7.  We define a function that performs the simulation. At every time step, we find the trials that undergo births and deaths by generating random vectors, and we update the population sizes with vector operations:

def simulate(x, nsteps):
    """Run the simulation."""
    for _ in range(nsteps - 1):
        # Which trials to update?
        upd = (0 < x) & (x < N - 1)
        # In which trials do births occur?
        birth = 1 * (np.random.rand(ntrials) <= a * x)
        # In which trials do deaths occur?
        death = 1 * (np.random.rand(ntrials) <= b * x)
        # We update the population size for all trials
        x[upd] += birth[upd] - death[upd]

8.  Now, let's look at the histograms of the population size at different times. These histograms represent the probability distribution of the Markov chain, estimated with independent trials (the Monte Carlo method):

bins = np.linspace(0, N, 25)
nsteps_list = [10, 1000, 10000]
fig, axes = plt.subplots(1, len(nsteps_list),
                         figsize=(12, 3),
                         sharey=True)
for i, nsteps in enumerate(nsteps_list):
    ax = axes[i]
    simulate(x, nsteps)
    ax.hist(x, bins=bins)
    ax.set_xlabel("Population size")
    if i == 0:
        ax.set_ylabel("Histogram")
    ax.set_title(f"{nsteps} time steps")

<matplotlib.figure.Figure at 0x6c71748>

Whereas, initially, the population sizes look uniformly distributed between 0 and \(N\), they appear to converge to 0 or \(N\) after a sufficiently long time. This is because the states 0 and \(N\) are absorbing; once reached, the chain cannot leave these states. Furthermore, these states can be reached from any other state.

How it works...

Mathematically, a discrete-time Markov chain on a space \(E\) is a sequence of random variables \(X_1, X_2, ...\) that satisfy the Markov property:

$$\forall n \geq 1, \quad P(X_{n+1} \mid X_1, X_2, \ldots, X_n) = P(X_{n+1} \mid X_n)$$

A (stationary) Markov chain is characterized by the probability of transitions \(P(X_j \mid X_i)\).
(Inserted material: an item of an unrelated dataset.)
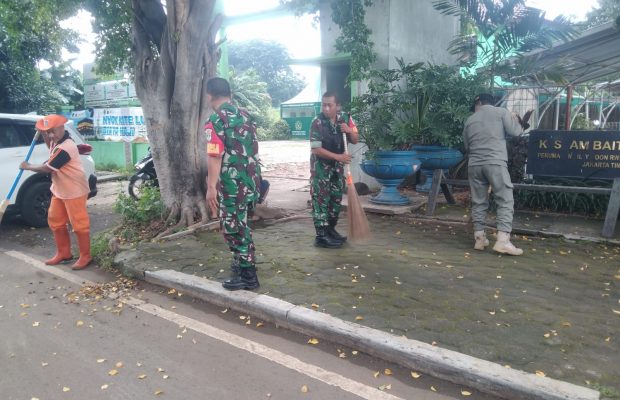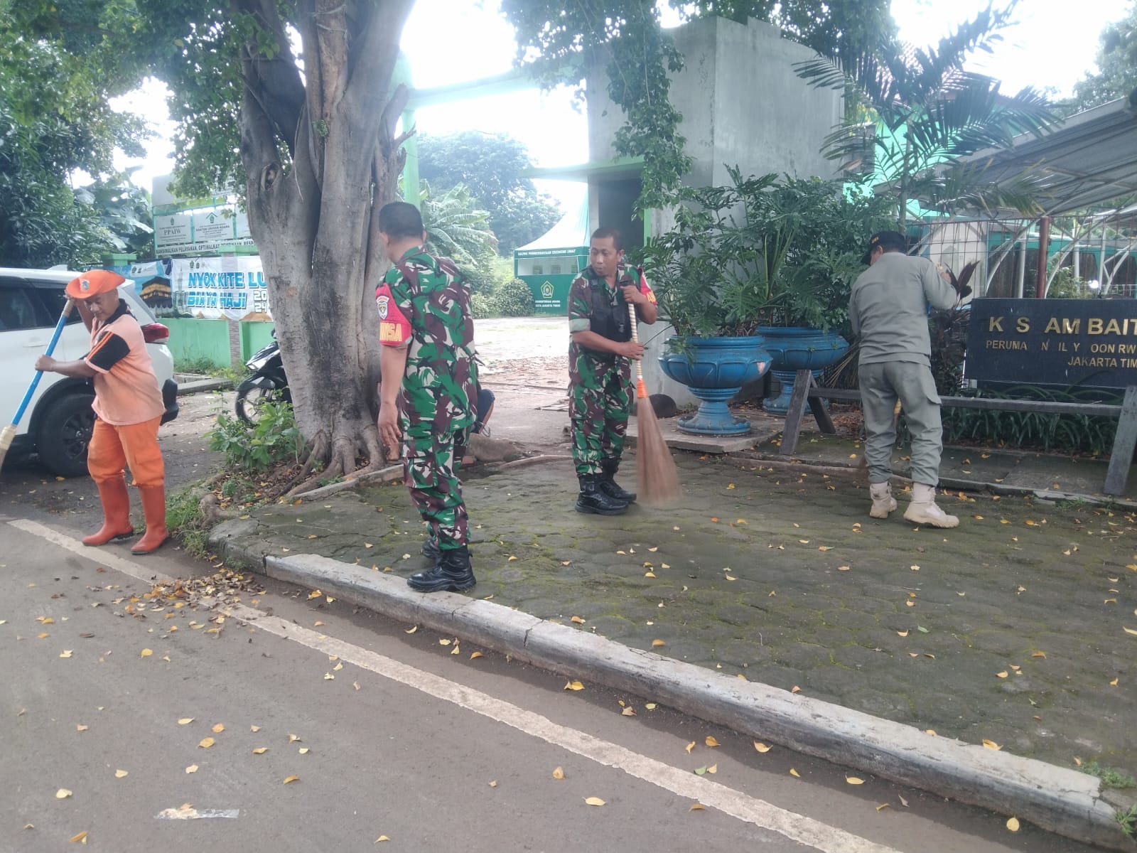 Babinsa Koramil Duren Sawit Bersama PPSU dan Warga Bersihkan Lingkungan

These values form a matrix called the transition matrix. This matrix is the adjacency matrix of a directed graph called the state diagram. Every node is a state, and the node \(i\) is connected to the node \(j\) if the chain has a non-zero probability of transition between these nodes.

There's more...

Simulating a single Markov chain in Python is not particularly efficient because we need a for loop. However, simulating many independent chains following the same process can be made efficient with vectorization and parallelization (all tasks are independent, thus the problem is embarrassingly parallel). This is useful when we are interested in statistical properties of the chain (example of the Monte Carlo method).

There is a vast literature on Markov chains. Many theoretical results can be established with linear algebra and probability theory.

Many generalizations of discrete-time Markov chains exist. Markov chains can be defined on infinite state spaces, or with a continuous time. Also, the Markov property is important in a broad class of stochastic processes.